(ABOUT THIS EXERCISE) In the entries below, which lines run from the one with "As Gabriel Weisberg" through the one with "罗马男士凉鞋真皮夏季韩版个性厚底防滑休闲鞋2017新款凉拖鞋潮男"? Repeat exactly those, both included, and no pictures.
++++ RECORD EXCERPTS ++++
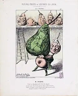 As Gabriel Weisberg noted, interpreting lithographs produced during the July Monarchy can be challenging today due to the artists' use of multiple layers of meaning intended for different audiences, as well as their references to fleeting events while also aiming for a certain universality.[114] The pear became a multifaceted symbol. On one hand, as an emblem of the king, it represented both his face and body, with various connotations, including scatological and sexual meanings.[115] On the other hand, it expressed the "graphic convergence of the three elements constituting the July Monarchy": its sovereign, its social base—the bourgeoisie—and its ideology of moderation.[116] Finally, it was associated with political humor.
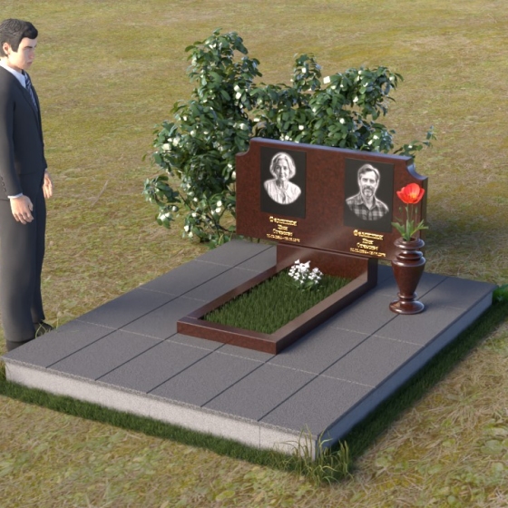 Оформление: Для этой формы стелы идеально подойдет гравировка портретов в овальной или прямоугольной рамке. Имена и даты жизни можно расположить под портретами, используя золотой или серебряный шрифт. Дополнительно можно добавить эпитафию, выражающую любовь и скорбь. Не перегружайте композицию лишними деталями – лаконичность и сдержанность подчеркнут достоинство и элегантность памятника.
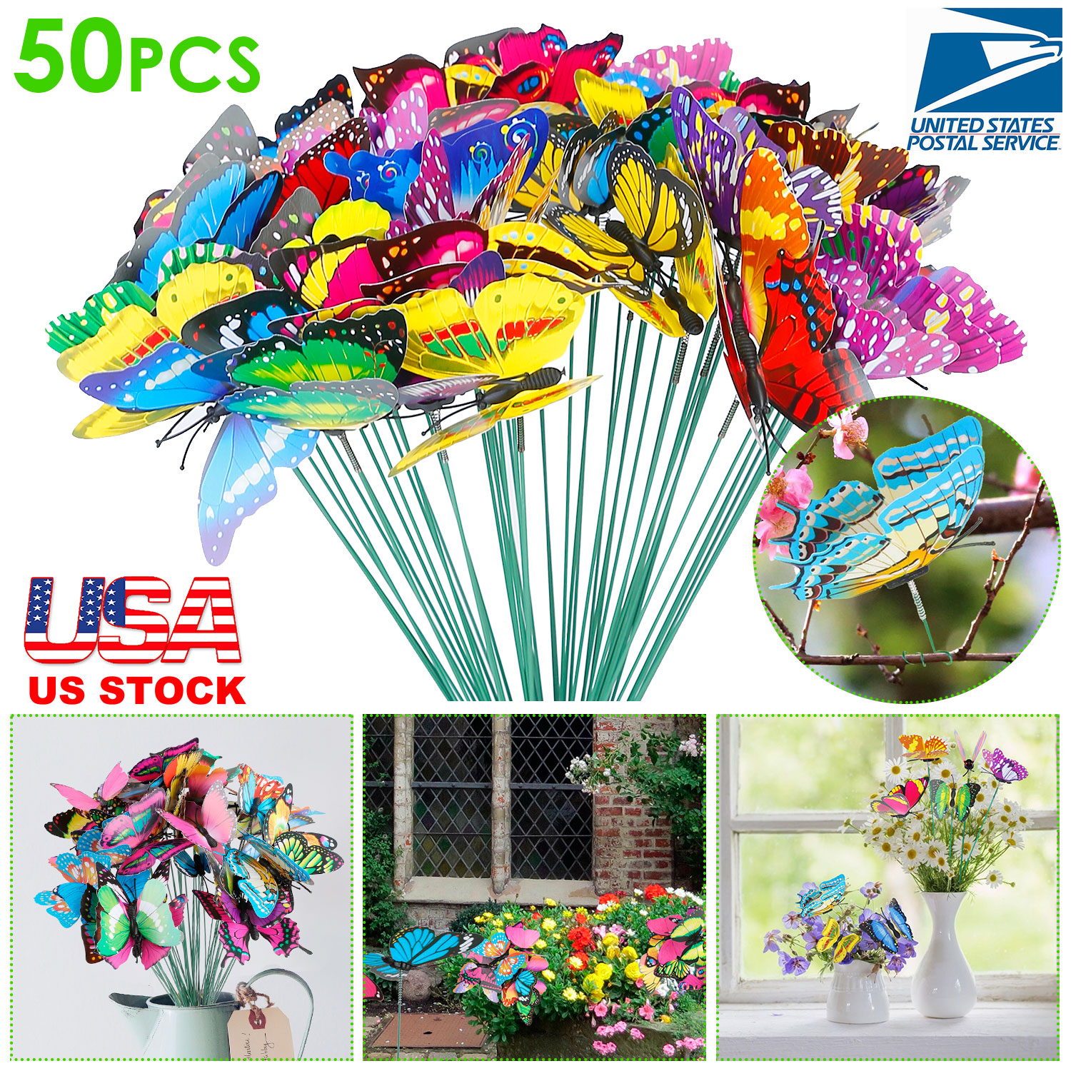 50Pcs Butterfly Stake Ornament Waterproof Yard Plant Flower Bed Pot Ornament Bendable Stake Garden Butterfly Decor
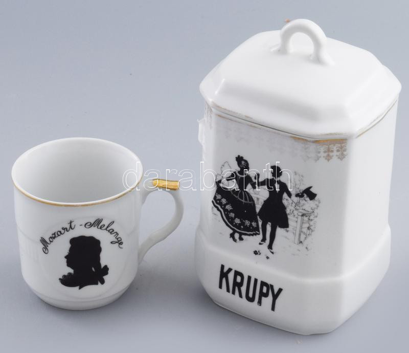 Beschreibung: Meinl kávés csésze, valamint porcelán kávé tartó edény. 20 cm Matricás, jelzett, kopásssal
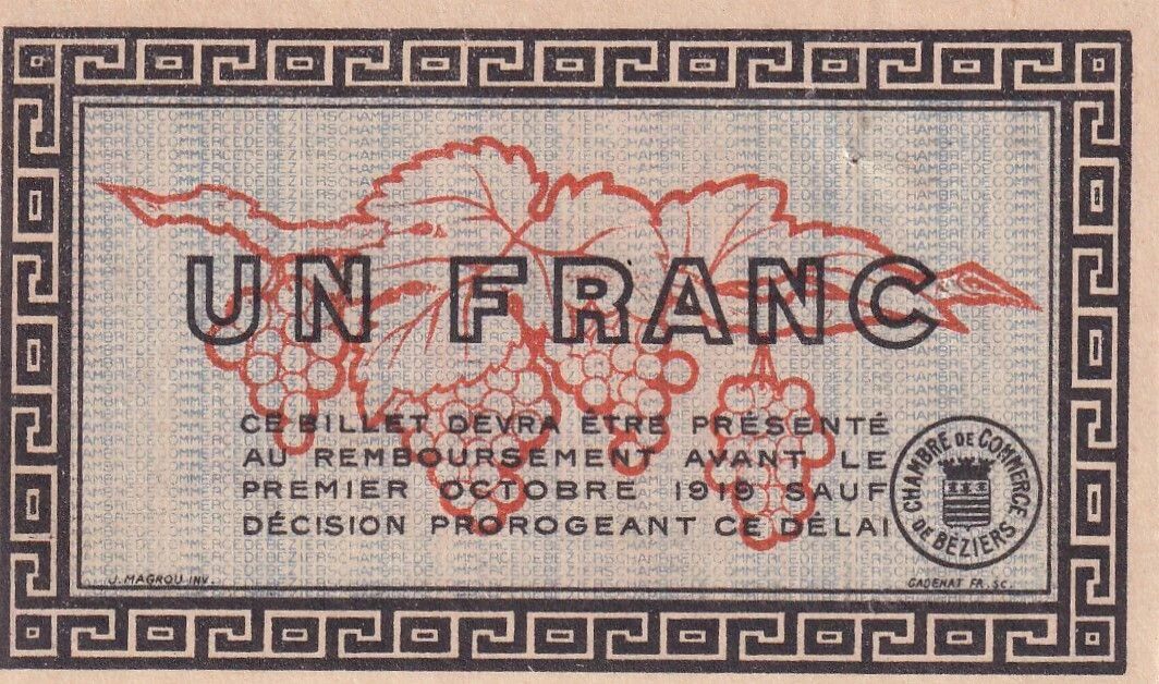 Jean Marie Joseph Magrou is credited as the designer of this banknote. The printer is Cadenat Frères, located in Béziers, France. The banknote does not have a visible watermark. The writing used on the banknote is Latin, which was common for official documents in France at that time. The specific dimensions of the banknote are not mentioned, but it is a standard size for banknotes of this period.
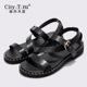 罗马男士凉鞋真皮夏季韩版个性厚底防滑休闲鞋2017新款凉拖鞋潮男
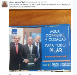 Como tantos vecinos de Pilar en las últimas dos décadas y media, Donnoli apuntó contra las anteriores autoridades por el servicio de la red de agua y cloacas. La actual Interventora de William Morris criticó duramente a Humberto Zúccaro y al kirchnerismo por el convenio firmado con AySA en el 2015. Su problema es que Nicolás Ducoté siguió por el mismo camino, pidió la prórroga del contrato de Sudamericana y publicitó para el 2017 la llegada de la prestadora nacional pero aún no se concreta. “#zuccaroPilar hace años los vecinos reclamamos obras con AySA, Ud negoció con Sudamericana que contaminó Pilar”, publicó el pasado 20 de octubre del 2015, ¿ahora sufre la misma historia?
++++
++++ RECORD EXCERPTS ++++
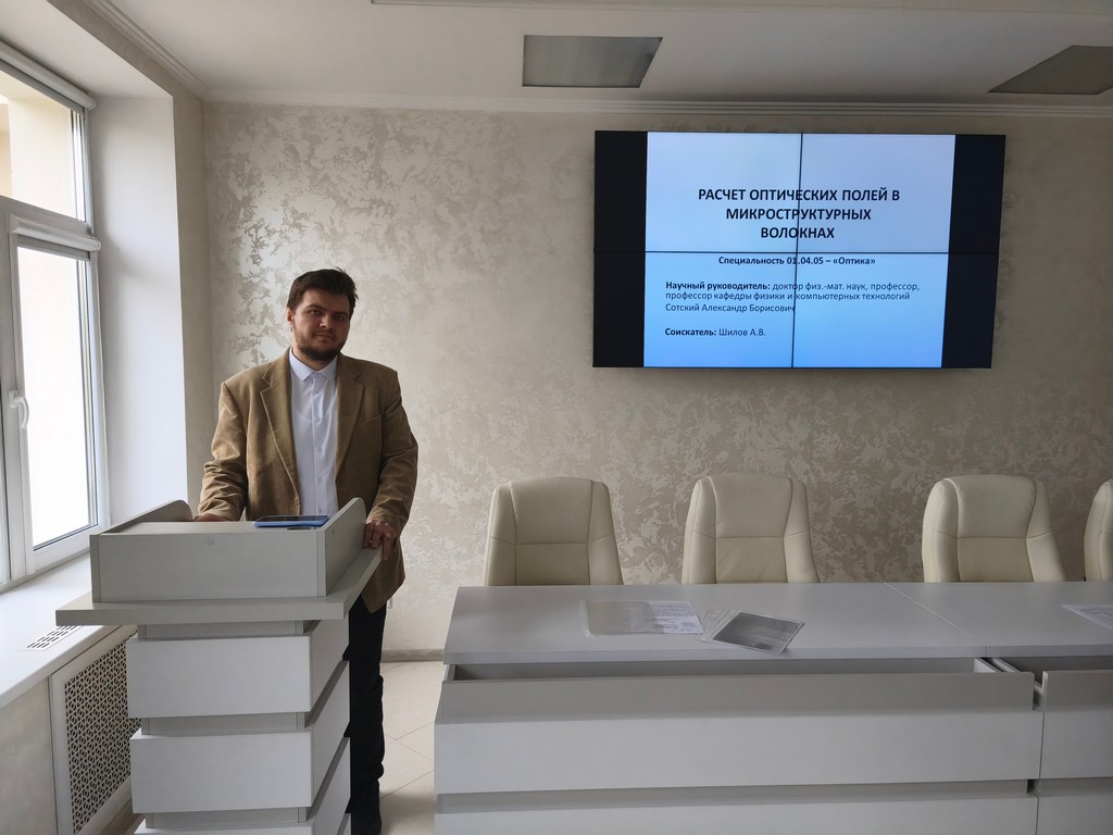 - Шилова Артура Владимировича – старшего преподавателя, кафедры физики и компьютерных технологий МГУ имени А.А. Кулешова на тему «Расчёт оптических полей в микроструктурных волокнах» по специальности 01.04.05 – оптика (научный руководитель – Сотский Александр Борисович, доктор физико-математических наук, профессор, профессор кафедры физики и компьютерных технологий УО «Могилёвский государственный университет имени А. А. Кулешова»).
++++
++++ RECORD EXCERPTS ++++
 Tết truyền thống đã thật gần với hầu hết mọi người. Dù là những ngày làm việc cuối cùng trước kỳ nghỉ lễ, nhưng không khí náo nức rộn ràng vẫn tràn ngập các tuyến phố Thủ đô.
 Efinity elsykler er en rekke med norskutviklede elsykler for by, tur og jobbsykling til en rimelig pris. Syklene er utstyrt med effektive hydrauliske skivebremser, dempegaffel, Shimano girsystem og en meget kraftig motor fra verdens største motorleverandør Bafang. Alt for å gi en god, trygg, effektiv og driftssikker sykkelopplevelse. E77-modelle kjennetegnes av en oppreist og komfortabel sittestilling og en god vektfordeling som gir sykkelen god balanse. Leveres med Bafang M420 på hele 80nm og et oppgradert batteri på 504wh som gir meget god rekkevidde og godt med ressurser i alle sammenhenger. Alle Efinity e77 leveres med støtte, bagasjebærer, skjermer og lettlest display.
++++
(OUTPUT FOR THIS TASK)
 As Gabriel Weisberg noted, interpreting lithographs produced during the July Monarchy can be challenging today due to the artists' use of multiple layers of meaning intended for different audiences, as well as their references to fleeting events while also aiming for a certain universality.[114] The pear became a multifaceted symbol. On one hand, as an emblem of the king, it represented both his face and body, with various connotations, including scatological and sexual meanings.[115] On the other hand, it expressed the "graphic convergence of the three elements constituting the July Monarchy": its sovereign, its social base—the bourgeoisie—and its ideology of moderation.[116] Finally, it was associated with political humor.
 Оформление: Для этой формы стелы идеально подойдет гравировка портретов в овальной или прямоугольной рамке. Имена и даты жизни можно расположить под портретами, используя золотой или серебряный шрифт. Дополнительно можно добавить эпитафию, выражающую любовь и скорбь. Не перегружайте композицию лишними деталями – лаконичность и сдержанность подчеркнут достоинство и элегантность памятника.
 50Pcs Butterfly Stake Ornament Waterproof Yard Plant Flower Bed Pot Ornament Bendable Stake Garden Butterfly Decor
 Beschreibung: Meinl kávés csésze, valamint porcelán kávé tartó edény. 20 cm Matricás, jelzett, kopásssal
 Jean Marie Joseph Magrou is credited as the designer of this banknote. The printer is Cadenat Frères, located in Béziers, France. The banknote does not have a visible watermark. The writing used on the banknote is Latin, which was common for official documents in France at that time. The specific dimensions of the banknote are not mentioned, but it is a standard size for banknotes of this period.
 罗马男士凉鞋真皮夏季韩版个性厚底防滑休闲鞋2017新款凉拖鞋潮男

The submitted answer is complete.